The warrior began to move, angling away to the left. “When he sees how we approach, he’ll know we want to meet. If he keeps moving away from us, we must stop, and make it clear that we won’t follow, or he’ll think we’re hostile.” She led the way down the slope, and the figure paused again, watching.
After long days traveling alone with Bel, the addition of another human being was
oddly disturbing. The sudden presence of the distant figure seemed inexplicable, its upright stance incongruous, its motion peculiar, and its possession of an intelligent mind unlikely. Rowan found herself regarding it as a strange animal, unpredictable and possibly dangerous. But when they came within fifteen yards, it proved to be only a man in Outskirter garb, shaggy-haired, bearded, watching them with shadowed eyes.
As they approached, Bel spoke quietly to Rowan. “Something’s wrong.”
Rowan studied the figure. She could see nothing that might have prompted Bel’s comment, but took the fact as given. “He’s from the tribe that lost the goat?”
“Yes.”
“Perhaps he thinks we stole it.”
“We did steal it. Until we strike a trade for it, it’s considered stolen. But that’s not it.”
They continued to approach the man. “You said the tribe left quickly.”

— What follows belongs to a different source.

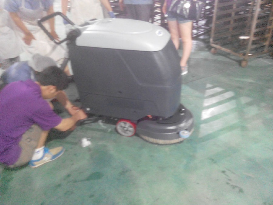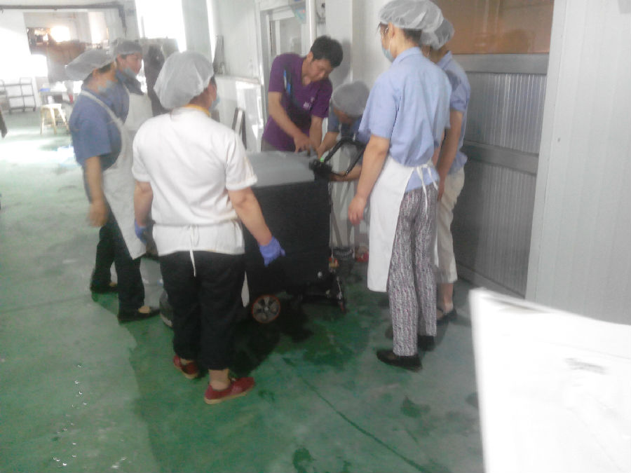 食品廠保潔阿姨輕松使用鼎潔520洗地機(jī)

“Yes.” Bel’s gait became more easy and natural, a danger signal to Rowan.
The steerswoman considered. “The tribe encountered some trouble. He thinks we might be involved.”
“Yes.”
Possibly the trouble had taken the form of an attack by a hostile tribe; perhaps the man was overcautious after a lost battle. “How can we reassure him?”
“We can’t. And it’s too late for us to back off. We’ll just have to be exactly what we are, and hope he sees it soon enough.”
“And if he doesn’t?”
“Fight. Or run. Whichever we can manage.”
At a distance of fifteen feet, Bel stopped, Rowan pausing beside her, and they stood facing the man quietly for some moments. There was no gesture from him, no word and no signal. He held himself completely still, and Rowan was abruptly certain that there were other warriors near, whose existence and location this man was trying not to betray by unconscious behavior.
She glanced about: no one else was visible.